## TASK OBJECTIVE
Give the data back exactly. Leave out any images.

------------------------------------------------

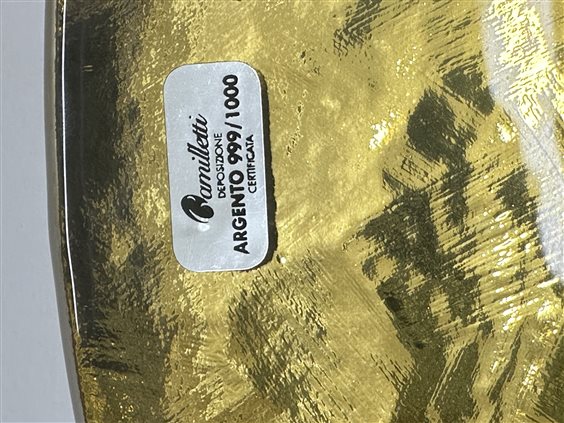 piatto in vetro oro e argento 999, depositato con metodo sputtering.
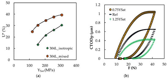 The plot of δp shown in Figure 8a,b serves as a function of YSat and CY, respectively. As noted in Figure 7a,b, the purely isotropic hardening model provided less U* than the mixed hardening model. Therefore, a more effective load range was available in the purely isotropic model, contributing to more plastic deformation, as shown in the results in Figure 8a,b. As in Figure 4a,b, the mixed hardening model achieved less δp than the pure isotropic model. The dashed lines indicate the values obtained without contact of crack flanks. The difference in the solid lines is the effect of crack closure, which is relevant in all cases.
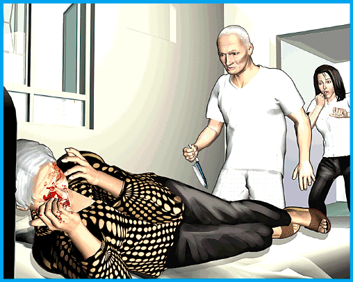 疑兇聞言後返回自己房間,未幾手持一把長生果刀衝入老婦房間,向她頭臉狂插多刀襲擊。老婦血流披面,其中右眼重創恐會失明,呼救聲驚動一名留宿女看護入內查看,赫見女事主受傷而疑兇持刀在手,嚇得逃往隔鄰E室單位報警。
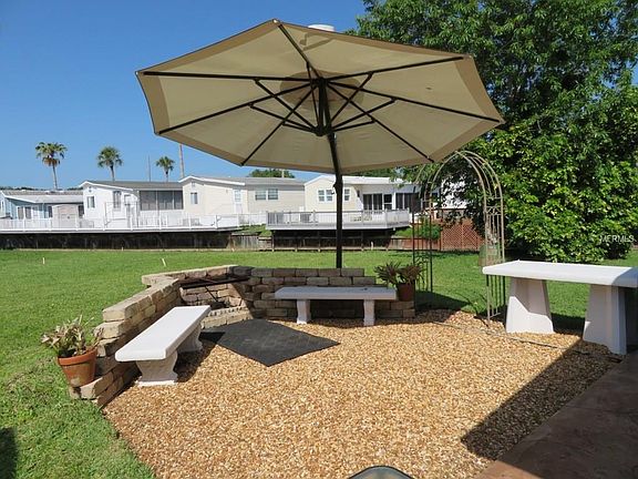 LOVELY 1 BED/1 BATH WELL MAINTAINED IMMACULATE CANAL PROPERTY WITH LOW MAINTENANCE, DECORATIVE CONCRETE DIVEWAY, AND WITHY A NICE ENTERTAINMENT OUTDOOR AREA!! This is a very nice and clean unit which reflects how well it has been taken care of. The property was repainted when purchased, kitchen & bath tiled, carpet was replaced in living room, bedroom, and Florida room addition. Washer/dryer combo was added, furniture replaced, ceiling fans added, faux wood blinds were installed in the main area, mini blinds in the Florida room, and a new A/C Heat Pump in 2017. Let's not forget the added outdoor gathering area with a huge umbrella as well as covered patio in the back of the home looking out to the canal!! All of this located in an active 55+ community with loads of amenities!!
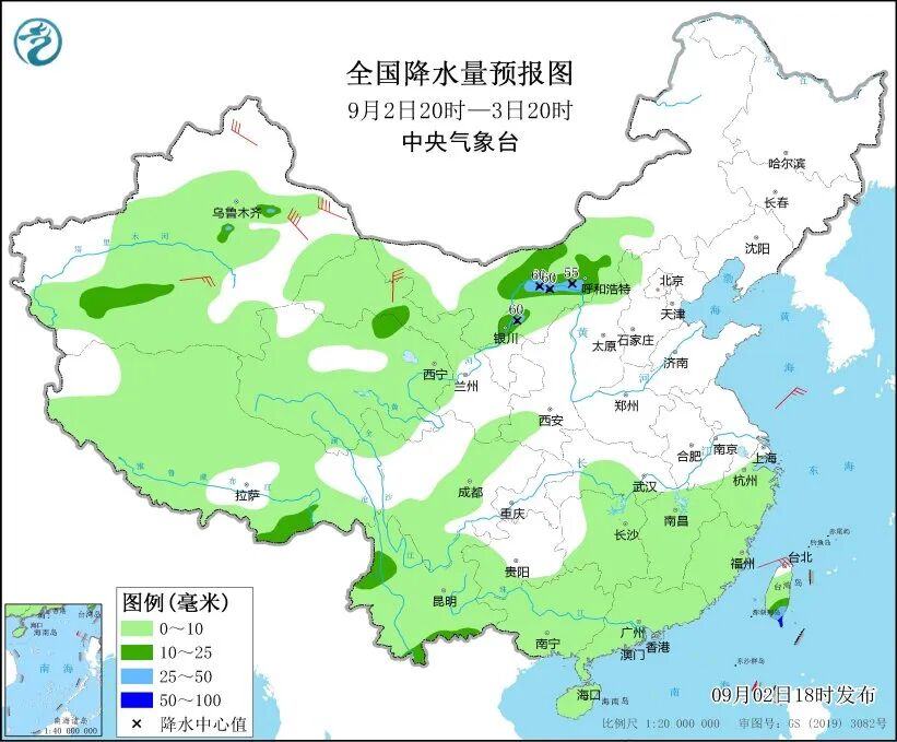 中央气象台预计,2日20时至3日20时,内蒙古中部、新疆南疆盆地南部、西藏东南部、青海北部、宁夏北部、云南西部和东南部、台湾岛等地部分地区有中到大雨,其中,内蒙古河套地区等地部分地区有暴雨。

------------------------------------------------

## SOLUTION TO THIS TASK
 piatto in vetro oro e argento 999, depositato con metodo sputtering.
 The plot of δp shown in Figure 8a,b serves as a function of YSat and CY, respectively. As noted in Figure 7a,b, the purely isotropic hardening model provided less U* than the mixed hardening model. Therefore, a more effective load range was available in the purely isotropic model, contributing to more plastic deformation, as shown in the results in Figure 8a,b. As in Figure 4a,b, the mixed hardening model achieved less δp than the pure isotropic model. The dashed lines indicate the values obtained without contact of crack flanks. The difference in the solid lines is the effect of crack closure, which is relevant in all cases.
 疑兇聞言後返回自己房間,未幾手持一把長生果刀衝入老婦房間,向她頭臉狂插多刀襲擊。老婦血流披面,其中右眼重創恐會失明,呼救聲驚動一名留宿女看護入內查看,赫見女事主受傷而疑兇持刀在手,嚇得逃往隔鄰E室單位報警。
 LOVELY 1 BED/1 BATH WELL MAINTAINED IMMACULATE CANAL PROPERTY WITH LOW MAINTENANCE, DECORATIVE CONCRETE DIVEWAY, AND WITHY A NICE ENTERTAINMENT OUTDOOR AREA!! This is a very nice and clean unit which reflects how well it has been taken care of. The property was repainted when purchased, kitchen & bath tiled, carpet was replaced in living room, bedroom, and Florida room addition. Washer/dryer combo was added, furniture replaced, ceiling fans added, faux wood blinds were installed in the main area, mini blinds in the Florida room, and a new A/C Heat Pump in 2017. Let's not forget the added outdoor gathering area with a huge umbrella as well as covered patio in the back of the home looking out to the canal!! All of this located in an active 55+ community with loads of amenities!!
 中央气象台预计,2日20时至3日20时,内蒙古中部、新疆南疆盆地南部、西藏东南部、青海北部、宁夏北部、云南西部和东南部、台湾岛等地部分地区有中到大雨,其中,内蒙古河套地区等地部分地区有暴雨。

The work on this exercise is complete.